To do:
For the records below, output every line from the one holding "St John Sling" through the final line, unaltered, and no other lines.
[[ Data provided, beginning ]]
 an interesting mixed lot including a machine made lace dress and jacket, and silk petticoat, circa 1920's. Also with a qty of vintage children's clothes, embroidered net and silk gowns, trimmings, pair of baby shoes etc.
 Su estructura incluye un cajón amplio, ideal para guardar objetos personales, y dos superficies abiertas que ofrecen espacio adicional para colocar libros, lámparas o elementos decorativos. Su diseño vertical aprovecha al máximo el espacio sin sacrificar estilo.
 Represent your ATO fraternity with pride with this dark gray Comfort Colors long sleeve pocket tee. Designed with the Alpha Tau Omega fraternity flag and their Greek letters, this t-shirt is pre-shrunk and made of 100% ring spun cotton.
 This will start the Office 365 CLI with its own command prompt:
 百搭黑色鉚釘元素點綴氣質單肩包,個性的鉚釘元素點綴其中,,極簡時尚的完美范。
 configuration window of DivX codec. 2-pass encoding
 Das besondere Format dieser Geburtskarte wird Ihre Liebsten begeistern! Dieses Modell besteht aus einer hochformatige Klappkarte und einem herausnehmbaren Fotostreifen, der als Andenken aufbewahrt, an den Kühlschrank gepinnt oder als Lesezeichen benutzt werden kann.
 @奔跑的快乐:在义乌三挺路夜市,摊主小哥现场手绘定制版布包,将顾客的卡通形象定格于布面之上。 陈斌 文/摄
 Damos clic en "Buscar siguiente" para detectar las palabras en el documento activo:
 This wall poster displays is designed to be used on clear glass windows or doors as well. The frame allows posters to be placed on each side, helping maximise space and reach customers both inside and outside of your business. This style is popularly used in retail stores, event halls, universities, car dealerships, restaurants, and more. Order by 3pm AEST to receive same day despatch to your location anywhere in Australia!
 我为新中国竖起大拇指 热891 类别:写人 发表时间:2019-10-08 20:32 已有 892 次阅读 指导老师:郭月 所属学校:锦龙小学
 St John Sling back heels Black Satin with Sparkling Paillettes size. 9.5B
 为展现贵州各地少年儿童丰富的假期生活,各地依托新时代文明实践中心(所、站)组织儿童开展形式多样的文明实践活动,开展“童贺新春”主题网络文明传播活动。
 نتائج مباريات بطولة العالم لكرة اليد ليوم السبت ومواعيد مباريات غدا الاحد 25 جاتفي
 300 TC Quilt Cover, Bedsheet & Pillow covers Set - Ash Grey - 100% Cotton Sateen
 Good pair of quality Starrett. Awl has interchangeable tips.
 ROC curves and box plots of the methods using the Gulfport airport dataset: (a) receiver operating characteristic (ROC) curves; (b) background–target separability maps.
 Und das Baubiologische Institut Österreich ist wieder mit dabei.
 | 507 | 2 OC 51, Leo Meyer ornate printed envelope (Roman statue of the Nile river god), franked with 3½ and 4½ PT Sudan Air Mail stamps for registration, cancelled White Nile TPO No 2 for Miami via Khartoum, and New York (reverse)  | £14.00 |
[[ Data provided, end ]]
Solved problem:
 St John Sling back heels Black Satin with Sparkling Paillettes size. 9.5B
 为展现贵州各地少年儿童丰富的假期生活,各地依托新时代文明实践中心(所、站)组织儿童开展形式多样的文明实践活动,开展“童贺新春”主题网络文明传播活动。
 نتائج مباريات بطولة العالم لكرة اليد ليوم السبت ومواعيد مباريات غدا الاحد 25 جاتفي
 300 TC Quilt Cover, Bedsheet & Pillow covers Set - Ash Grey - 100% Cotton Sateen
 Good pair of quality Starrett. Awl has interchangeable tips.
 ROC curves and box plots of the methods using the Gulfport airport dataset: (a) receiver operating characteristic (ROC) curves; (b) background–target separability maps.
 Und das Baubiologische Institut Österreich ist wieder mit dabei.
 | 507 | 2 OC 51, Leo Meyer ornate printed envelope (Roman statue of the Nile river god), franked with 3½ and 4½ PT Sudan Air Mail stamps for registration, cancelled White Nile TPO No 2 for Miami via Khartoum, and New York (reverse)  | £14.00 |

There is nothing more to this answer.